Support Biomedical Research With Merge

 

http://www.meresearch.org.uk/friends/Standing%20Order%20form.pdf

 

Please click on the above link to download a Standing Order form.  MERGE have no objection to them being photocopied or distributed – the more people this campaign reaches the better.  As a research organisation MERGE do not have a membership as such, but anyone who signs up to give by Standing Order is assured of getting up-to-date news from the research projects straight from the horse’s mouth as it were.

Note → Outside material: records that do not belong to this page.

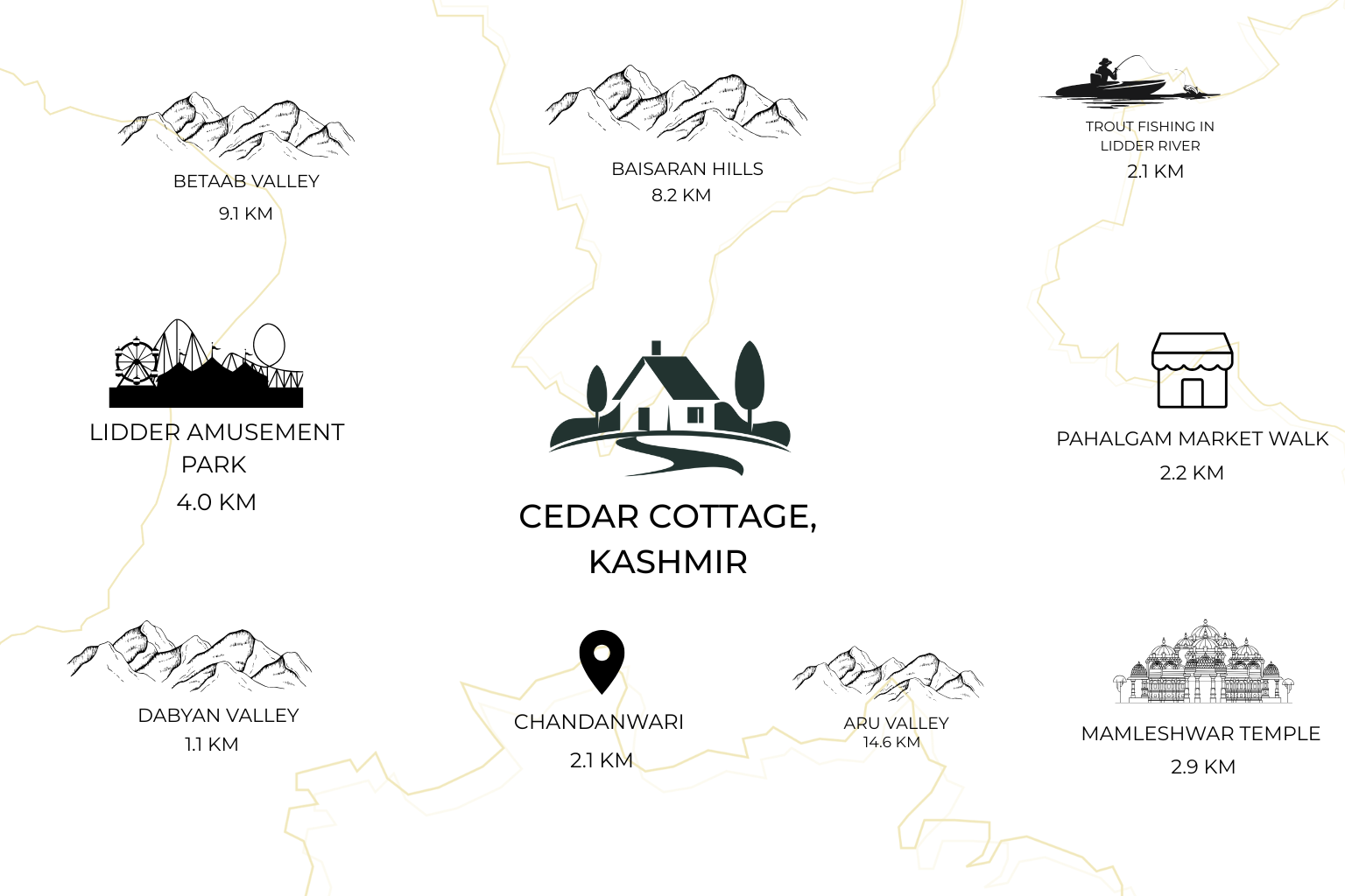 • Peaceful Location, Prime Access: A tranquil retreat just minutes from Pahalgam’s most scenic destinations and local culture.
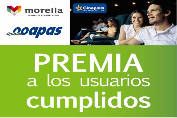 El Organismo Operador de Agua Potable, Alcantarillado y Saneamiento de Morelia (OOAPAS), inicia el día de hoy una campaña para premiar a los usuarios cumplidos en el pago de los servicios que presta la paramunicipal, como un esfuerzo conjunto de la paramunicipal con el Ayuntamiento Moreliano y Cinépolis.
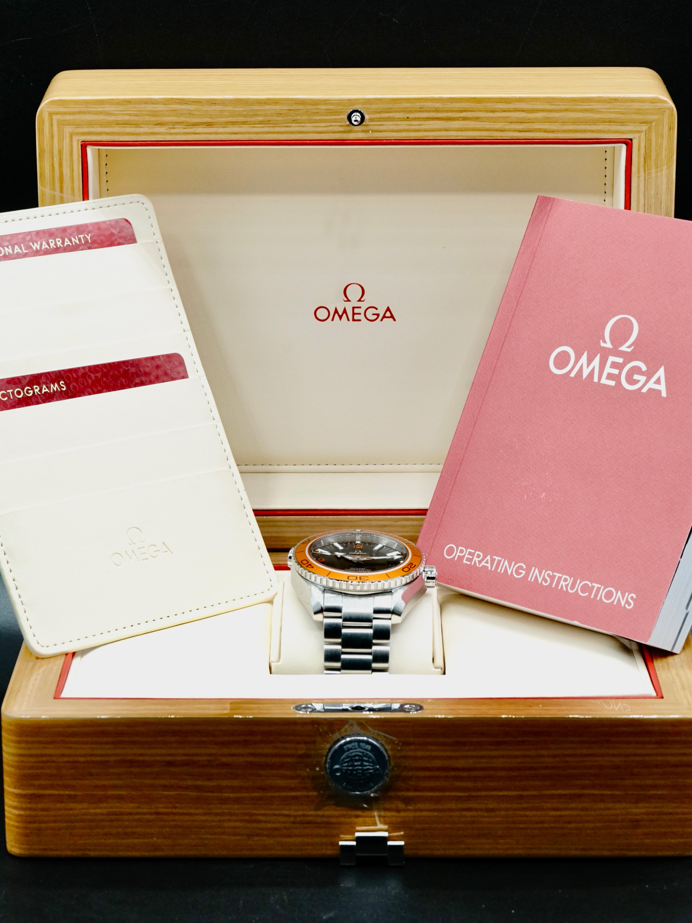 This Omega 232.30.46.21.01.002 Seamaster Planet Ocean is in GREAT condition. It has Has box and papers, warranty dated April 2016.

They have one project in progress at the moment and are about to start a major study into children with ME as soon as they have secured the last piece of funding. They have also agreed to fund a MERGE Doctoral Studentship in conjunction with the Physiotherapy Department of Glasgow Caledonian University over the next three years to look at all aspects of pain in ME sufferers.  So things are moving ahead and the major problem they have is funding on an on-going basis-hence the reason behind the Standing Order campaign, so that they can plan ahead.

 

Merge team also:

 

· Helps publish scientific papers (five in the past year alone).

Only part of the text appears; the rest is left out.